The Requirement: A Raising Bar
Today the data center network is built with switches that is faster than ever, the servers are built with faster CPUs, NICs, memories, hard drivers, applications on the servers are optimized to run faster and faster, this results in a significant improvement on overall end-to-end latency. For example, Modern exchanges with latest technology claim their round-trip market order latency is less than 100 microseconds. One of the most important component in the solution to make this happen is the latest ultra-low latency cut-through Ethernet switch. Market leader Cisco Nexus 3000 ultra low latency cut-through switch can forward the packet in less than 1 microsecond even for 9216 bytes jumbo packets (http://www.cisco.com/en/US/prod/collateral/switches/ps9441/ps11541/white_paper_c11-661939.html). Now the question is, can networking timing protocol keep up?

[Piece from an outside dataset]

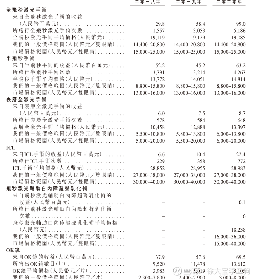 各大眼科,爱尔何氏华夏朝聚普瑞,业务都一样,几乎同质.从门诊数/收入来看,基本也都一样,毛利率大同小异.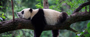 Schlafender Panda auf Baumstamm, Glasbild Panorama

Traditionally, Network Time Protocol (NTP) has been used to provide millisecond-level timing in packet-based networks. However, millisecond accuracy is no longer adequate based on the reason listed in previous section. Cleary, to gain visibility into exactly what happens in each process and steps in the server and switch, organizations need a timing synchronization protocol that can provide microsecond level details across the whole network.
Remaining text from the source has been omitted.